All of the data should be reproduced word for word, though its pictures must be omitted.

RECORDS FOR THIS EXERCISE Block Start

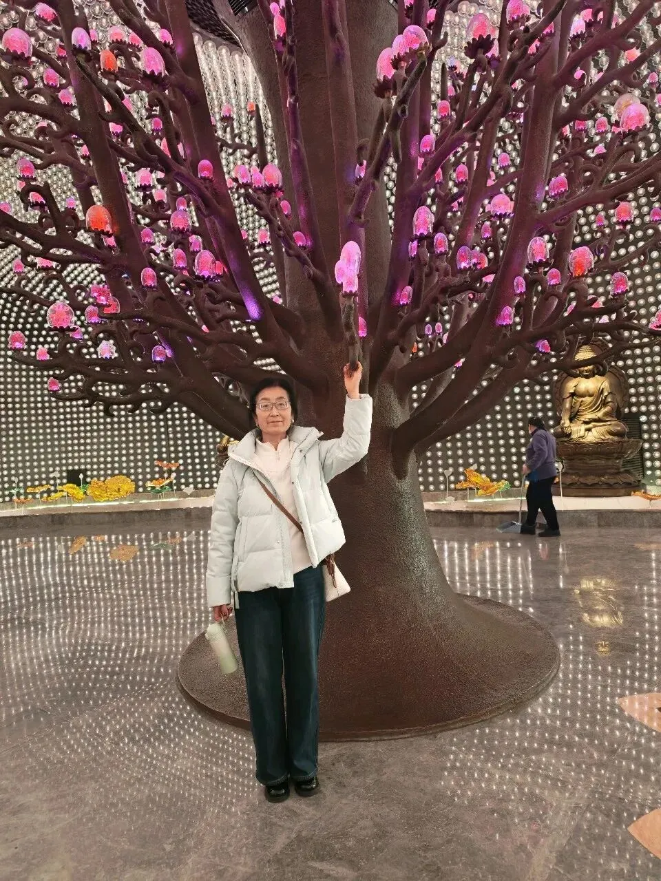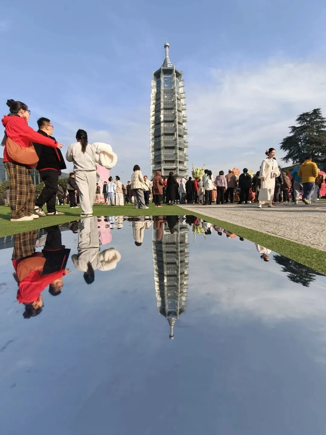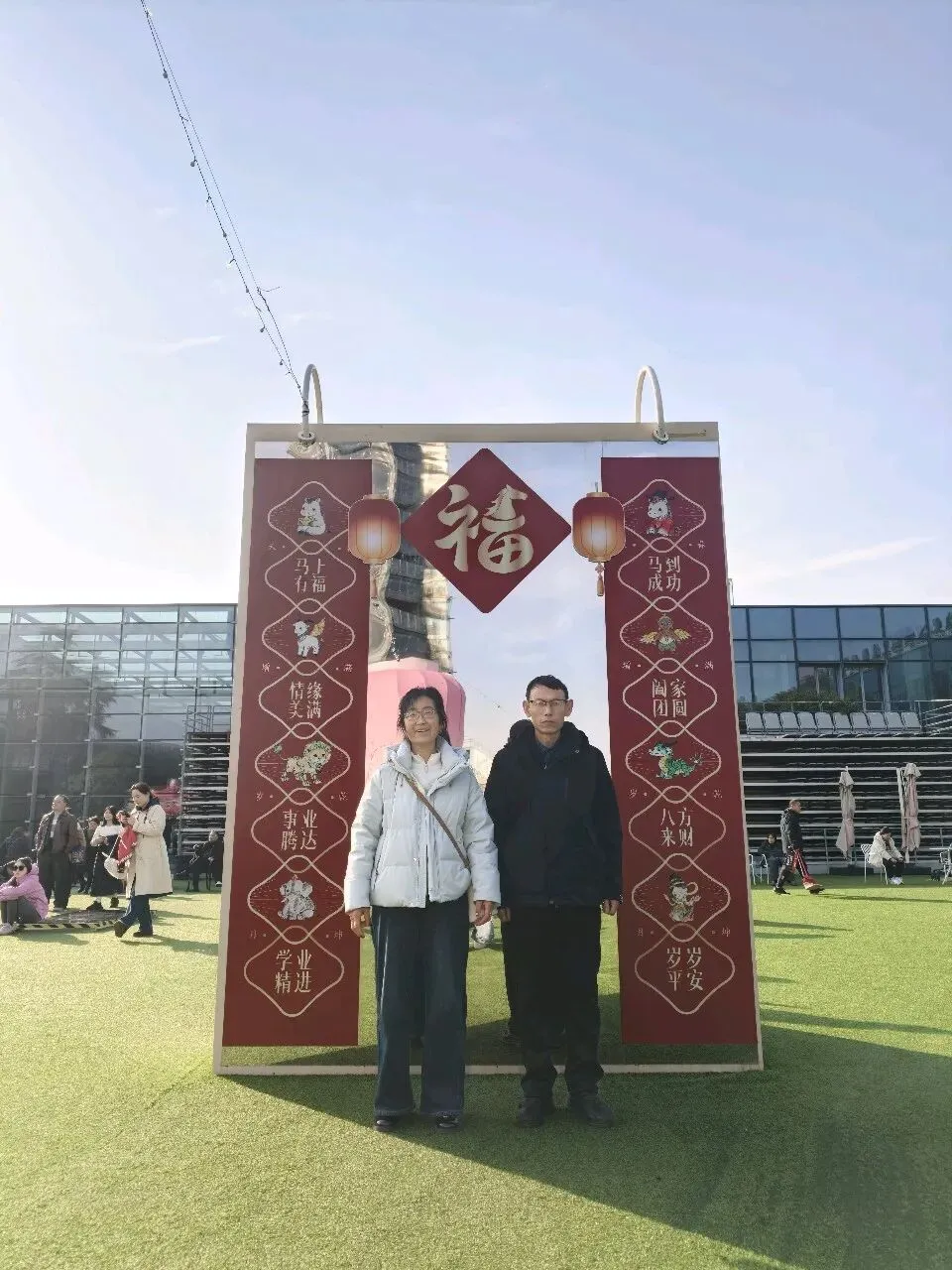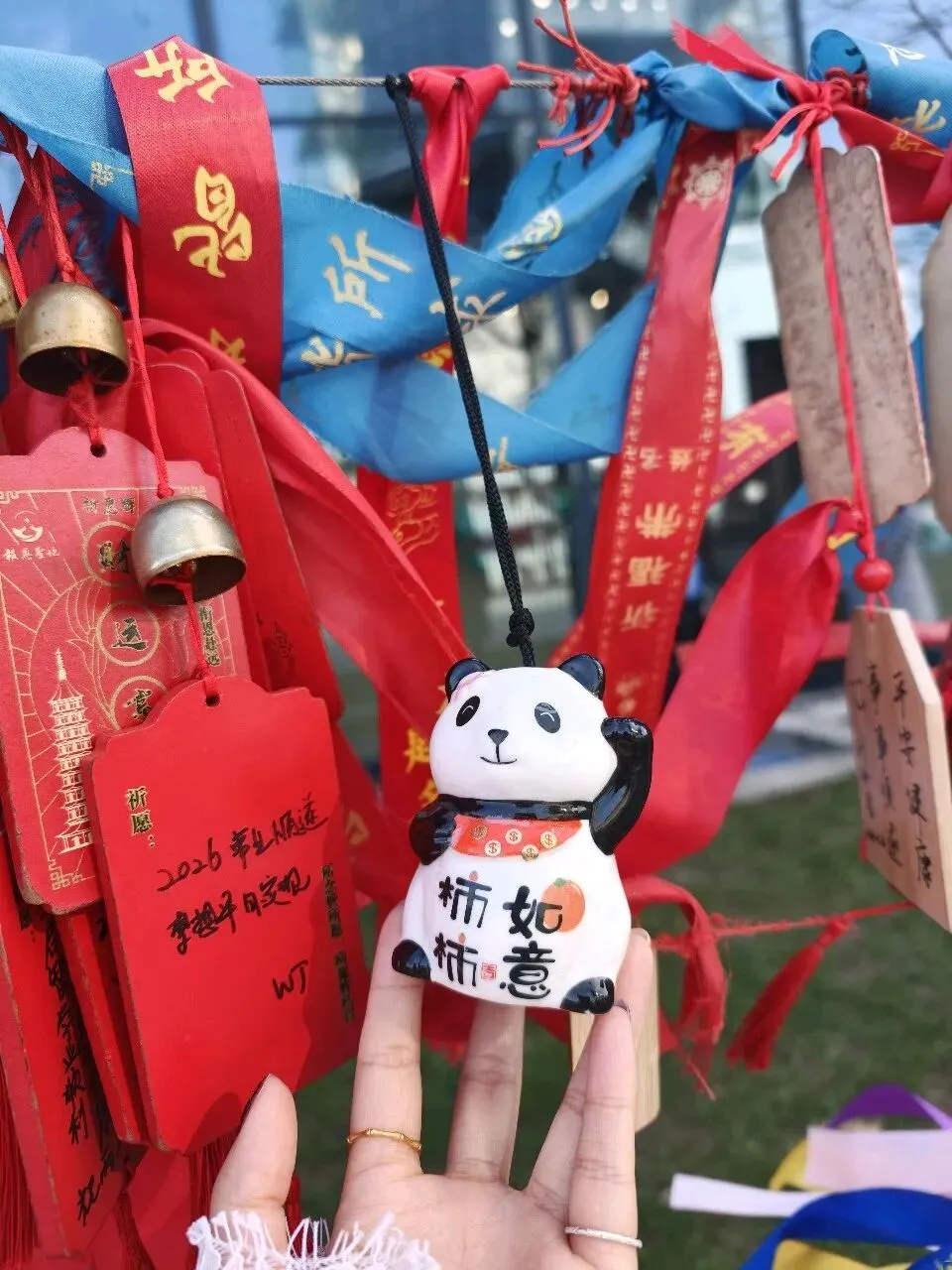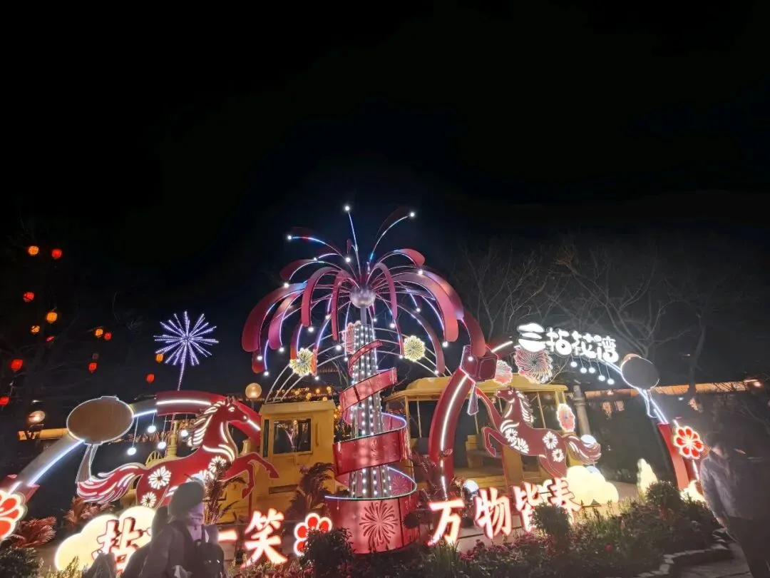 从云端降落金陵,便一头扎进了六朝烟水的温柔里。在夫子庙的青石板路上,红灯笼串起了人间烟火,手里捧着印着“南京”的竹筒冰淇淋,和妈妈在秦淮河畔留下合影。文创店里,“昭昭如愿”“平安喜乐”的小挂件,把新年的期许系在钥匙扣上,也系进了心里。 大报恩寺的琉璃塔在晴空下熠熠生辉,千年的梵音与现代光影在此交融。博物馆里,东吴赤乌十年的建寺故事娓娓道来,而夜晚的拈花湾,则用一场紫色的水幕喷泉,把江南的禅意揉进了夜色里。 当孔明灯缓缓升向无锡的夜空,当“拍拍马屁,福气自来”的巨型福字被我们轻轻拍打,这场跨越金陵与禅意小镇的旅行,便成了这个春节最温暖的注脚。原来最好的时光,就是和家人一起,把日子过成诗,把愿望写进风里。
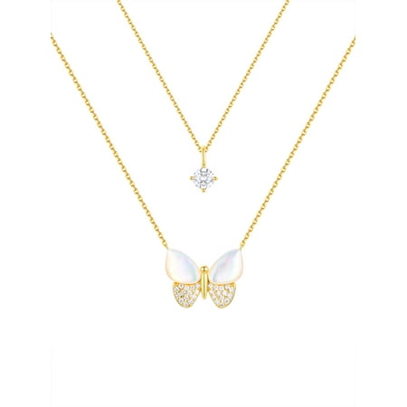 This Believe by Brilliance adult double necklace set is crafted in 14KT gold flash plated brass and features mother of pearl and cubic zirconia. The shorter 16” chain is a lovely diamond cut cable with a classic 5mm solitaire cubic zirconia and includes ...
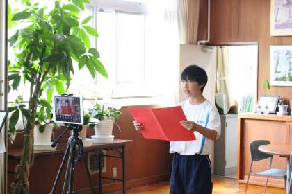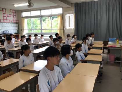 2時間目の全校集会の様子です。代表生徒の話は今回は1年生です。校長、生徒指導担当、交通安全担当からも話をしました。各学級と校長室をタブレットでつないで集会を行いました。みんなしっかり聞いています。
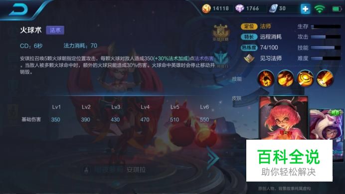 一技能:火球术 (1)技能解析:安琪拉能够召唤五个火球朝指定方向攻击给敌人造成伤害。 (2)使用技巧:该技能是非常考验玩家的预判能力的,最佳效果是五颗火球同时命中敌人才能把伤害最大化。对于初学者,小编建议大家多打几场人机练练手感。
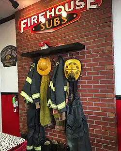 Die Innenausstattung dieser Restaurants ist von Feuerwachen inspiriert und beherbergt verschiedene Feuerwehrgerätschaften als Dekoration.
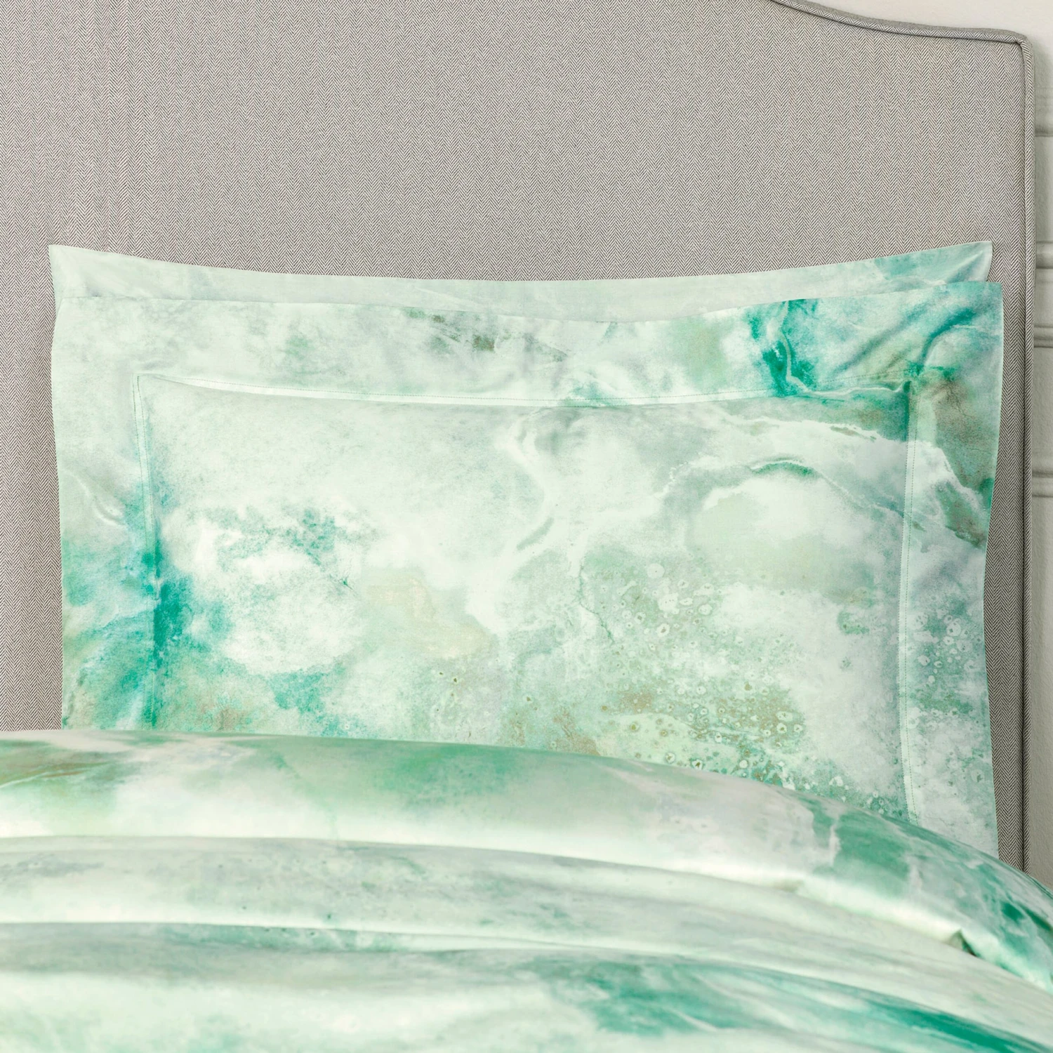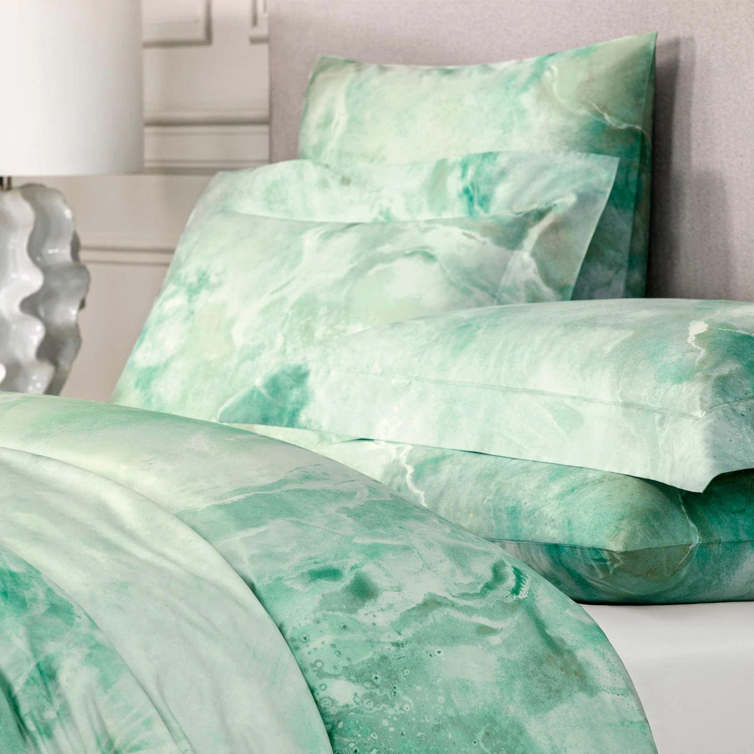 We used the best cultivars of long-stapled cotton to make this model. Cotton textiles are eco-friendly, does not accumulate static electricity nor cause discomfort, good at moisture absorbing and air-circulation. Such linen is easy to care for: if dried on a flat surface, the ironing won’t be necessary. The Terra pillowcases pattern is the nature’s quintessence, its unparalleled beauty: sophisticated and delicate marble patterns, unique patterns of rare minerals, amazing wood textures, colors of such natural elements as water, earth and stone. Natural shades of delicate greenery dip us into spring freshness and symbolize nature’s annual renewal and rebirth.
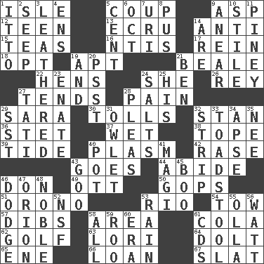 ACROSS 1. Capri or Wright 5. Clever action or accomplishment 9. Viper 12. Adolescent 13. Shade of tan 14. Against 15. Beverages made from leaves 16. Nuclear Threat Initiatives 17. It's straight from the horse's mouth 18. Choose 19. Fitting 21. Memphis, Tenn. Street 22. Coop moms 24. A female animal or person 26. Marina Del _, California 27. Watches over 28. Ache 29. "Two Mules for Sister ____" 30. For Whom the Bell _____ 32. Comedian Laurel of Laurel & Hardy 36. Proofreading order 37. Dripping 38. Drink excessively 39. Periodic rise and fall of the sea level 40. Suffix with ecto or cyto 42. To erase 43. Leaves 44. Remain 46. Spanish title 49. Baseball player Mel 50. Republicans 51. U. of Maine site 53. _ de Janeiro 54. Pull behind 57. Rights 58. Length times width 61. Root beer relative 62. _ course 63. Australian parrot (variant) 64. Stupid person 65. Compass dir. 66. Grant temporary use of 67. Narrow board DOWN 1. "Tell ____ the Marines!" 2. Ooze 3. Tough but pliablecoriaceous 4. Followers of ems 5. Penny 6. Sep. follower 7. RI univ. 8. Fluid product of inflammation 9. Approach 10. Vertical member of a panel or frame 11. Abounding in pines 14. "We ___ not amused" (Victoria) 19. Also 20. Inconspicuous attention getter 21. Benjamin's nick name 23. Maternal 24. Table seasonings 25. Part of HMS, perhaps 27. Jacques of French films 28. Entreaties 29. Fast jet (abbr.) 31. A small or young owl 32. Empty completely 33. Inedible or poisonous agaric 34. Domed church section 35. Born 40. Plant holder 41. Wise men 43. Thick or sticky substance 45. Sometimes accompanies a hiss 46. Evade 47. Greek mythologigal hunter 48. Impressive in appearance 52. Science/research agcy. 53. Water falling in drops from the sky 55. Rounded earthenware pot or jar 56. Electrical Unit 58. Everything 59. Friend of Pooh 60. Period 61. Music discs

RECORDS FOR THIS EXERCISE Block End

SOLUTION FOR THIS EXERCISE =
 从云端降落金陵,便一头扎进了六朝烟水的温柔里。在夫子庙的青石板路上,红灯笼串起了人间烟火,手里捧着印着“南京”的竹筒冰淇淋,和妈妈在秦淮河畔留下合影。文创店里,“昭昭如愿”“平安喜乐”的小挂件,把新年的期许系在钥匙扣上,也系进了心里。 大报恩寺的琉璃塔在晴空下熠熠生辉,千年的梵音与现代光影在此交融。博物馆里,东吴赤乌十年的建寺故事娓娓道来,而夜晚的拈花湾,则用一场紫色的水幕喷泉,把江南的禅意揉进了夜色里。 当孔明灯缓缓升向无锡的夜空,当“拍拍马屁,福气自来”的巨型福字被我们轻轻拍打,这场跨越金陵与禅意小镇的旅行,便成了这个春节最温暖的注脚。原来最好的时光,就是和家人一起,把日子过成诗,把愿望写进风里。
 This Believe by Brilliance adult double necklace set is crafted in 14KT gold flash plated brass and features mother of pearl and cubic zirconia. The shorter 16” chain is a lovely diamond cut cable with a classic 5mm solitaire cubic zirconia and includes ...
 2時間目の全校集会の様子です。代表生徒の話は今回は1年生です。校長、生徒指導担当、交通安全担当からも話をしました。各学級と校長室をタブレットでつないで集会を行いました。みんなしっかり聞いています。
 一技能:火球术 (1)技能解析:安琪拉能够召唤五个火球朝指定方向攻击给敌人造成伤害。 (2)使用技巧:该技能是非常考验玩家的预判能力的,最佳效果是五颗火球同时命中敌人才能把伤害最大化。对于初学者,小编建议大家多打几场人机练练手感。
 Die Innenausstattung dieser Restaurants ist von Feuerwachen inspiriert und beherbergt verschiedene Feuerwehrgerätschaften als Dekoration.
 We used the best cultivars of long-stapled cotton to make this model. Cotton textiles are eco-friendly, does not accumulate static electricity nor cause discomfort, good at moisture absorbing and air-circulation. Such linen is easy to care for: if dried on a flat surface, the ironing won’t be necessary. The Terra pillowcases pattern is the nature’s quintessence, its unparalleled beauty: sophisticated and delicate marble patterns, unique patterns of rare minerals, amazing wood textures, colors of such natural elements as water, earth and stone. Natural shades of delicate greenery dip us into spring freshness and symbolize nature’s annual renewal and rebirth.
 ACROSS 1. Capri or Wright 5. Clever action or accomplishment 9. Viper 12. Adolescent 13. Shade of tan 14. Against 15. Beverages made from leaves 16. Nuclear Threat Initiatives 17. It's straight from the horse's mouth 18. Choose 19. Fitting 21. Memphis, Tenn. Street 22. Coop moms 24. A female animal or person 26. Marina Del _, California 27. Watches over 28. Ache 29. "Two Mules for Sister ____" 30. For Whom the Bell _____ 32. Comedian Laurel of Laurel & Hardy 36. Proofreading order 37. Dripping 38. Drink excessively 39. Periodic rise and fall of the sea level 40. Suffix with ecto or cyto 42. To erase 43. Leaves 44. Remain 46. Spanish title 49. Baseball player Mel 50. Republicans 51. U. of Maine site 53. _ de Janeiro 54. Pull behind 57. Rights 58. Length times width 61. Root beer relative 62. _ course 63. Australian parrot (variant) 64. Stupid person 65. Compass dir. 66. Grant temporary use of 67. Narrow board DOWN 1. "Tell ____ the Marines!" 2. Ooze 3. Tough but pliablecoriaceous 4. Followers of ems 5. Penny 6. Sep. follower 7. RI univ. 8. Fluid product of inflammation 9. Approach 10. Vertical member of a panel or frame 11. Abounding in pines 14. "We ___ not amused" (Victoria) 19. Also 20. Inconspicuous attention getter 21. Benjamin's nick name 23. Maternal 24. Table seasonings 25. Part of HMS, perhaps 27. Jacques of French films 28. Entreaties 29. Fast jet (abbr.) 31. A small or young owl 32. Empty completely 33. Inedible or poisonous agaric 34. Domed church section 35. Born 40. Plant holder 41. Wise men 43. Thick or sticky substance 45. Sometimes accompanies a hiss 46. Evade 47. Greek mythologigal hunter 48. Impressive in appearance 52. Science/research agcy. 53. Water falling in drops from the sky 55. Rounded earthenware pot or jar 56. Electrical Unit 58. Everything 59. Friend of Pooh 60. Period 61. Music discs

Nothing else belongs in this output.